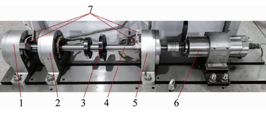 1—非驅(qū)動端徑向磁軸承;2—激勵磁軸承;3—盤片;4—轉(zhuǎn)軸;5—驅(qū)動端徑向磁軸承;6—電動機;7—位移傳感器。
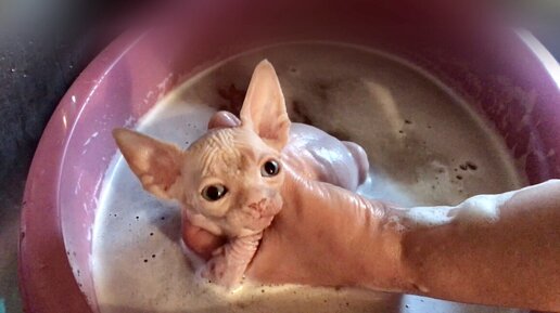Купаю💦самого маленького и обаятельного котёнка Сфинкса😻Малыш❤️купается первый раз!
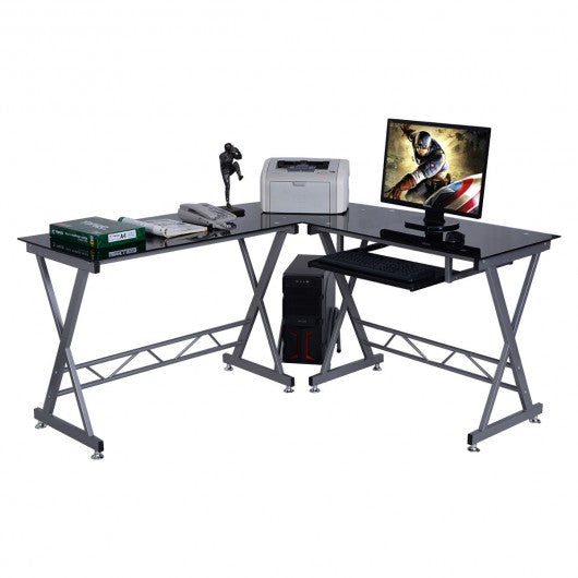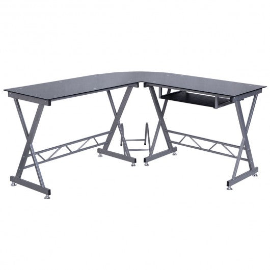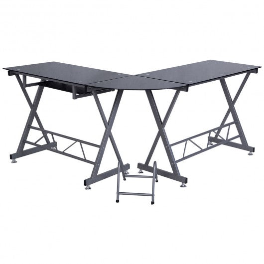 The L-Shape computer desk which is a piece of furniture with a simple design has the large glass top and the corner wedge to spread your reading and writing provding you with a unmatched convenience. The workstation features a smooth slide-out keyboard shelf and generous glass top. As a full-size desk the writing desk is large enough for your work. You can comfortably spread your workstation across the spacious surface. Sturdy frame that is designed in an edgy architectural look to support all your office essentials. This desk provides additional space to work without making a room look clunky. It's more than a furniture but a stylish decor if you take it home. Brand new and high quality Ideal for business or personal use Provide large storage space Slide out keyboard tray Assembly needed with Assembly instruction (all necessary hardware included)

---

• Work instruction
The whole listing must be transcribed exactly. No pictures belong in the copy.

• Output for this exercise
 1—非驅(qū)動端徑向磁軸承;2—激勵磁軸承;3—盤片;4—轉(zhuǎn)軸;5—驅(qū)動端徑向磁軸承;6—電動機;7—位移傳感器。
Купаю💦самого маленького и обаятельного котёнка Сфинкса😻Малыш❤️купается первый раз!
 The L-Shape computer desk which is a piece of furniture with a simple design has the large glass top and the corner wedge to spread your reading and writing provding you with a unmatched convenience. The workstation features a smooth slide-out keyboard shelf and generous glass top. As a full-size desk the writing desk is large enough for your work. You can comfortably spread your workstation across the spacious surface. Sturdy frame that is designed in an edgy architectural look to support all your office essentials. This desk provides additional space to work without making a room look clunky. It's more than a furniture but a stylish decor if you take it home. Brand new and high quality Ideal for business or personal use Provide large storage space Slide out keyboard tray Assembly needed with Assembly instruction (all necessary hardware included)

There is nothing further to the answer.